The up to 35 m thick phonolitic pyroclastic ash flows of the Laach volcanic eruption, Germany, are zeolitized in three, up to 10 m thick layers. These layers are intercalated by fresh ashes. The fine-grained, vitreous ash particles of the matrix are variably altered to chabazite, chabazite + phillipsite + analcime, phillipsite + analcime or analcime + K-feldspar. K-feldspar occurs only in the lowermost zeolitized layer. Pumice clasts within the zeolitized ma-trix are altered to chabazite throughout the whole deposit, despite the same precursor glass chemistry.
Experiments (0.5, 1 or 2 g of ground, fresh pumice as star-ting material, 25 ml H2O, 0.01n NaOH, KOH, NaCl and mixtures as reacting solutions, 100-200°C, 8-400 days reaction time, unstirred system) showed that chabazite and phillipsite represent transition phases with respect to analcime and K-feldspar at all conditions. A high solid/liquid ratio speeded up the beginning of zeolite formation, but slowed down the conversion of phillipsite to analcime and K-feldspar. Predominantly chabazite forms experimentally at temperatures > 100°C only with a slight increase of the K/Na ratio of the reacting system. At 100°C, no increase of the K/Na ratio is necessary to produce large amounts of chabazite as metastable transition phase.

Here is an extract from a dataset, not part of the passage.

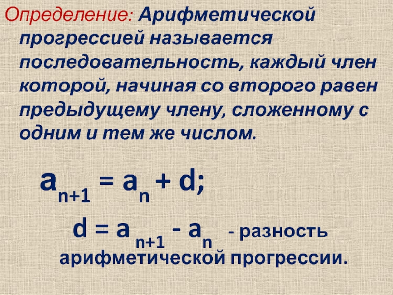 Слайд 6Определение: Арифметической прогрессией называется последовательность, каждый член которой, начиная со второго

Judging from the field and experimental data, formation of zeolites and K-feldspar most probably took place in the fringe water zone above temporally changing paleo-ground-water levels. Small-scale mineralogical differences between matrix and pumice clasts are probably the result of differences in specific surface between the precursor glass and the first authigenic mineral formed, chabazite, and hence their different reactivity.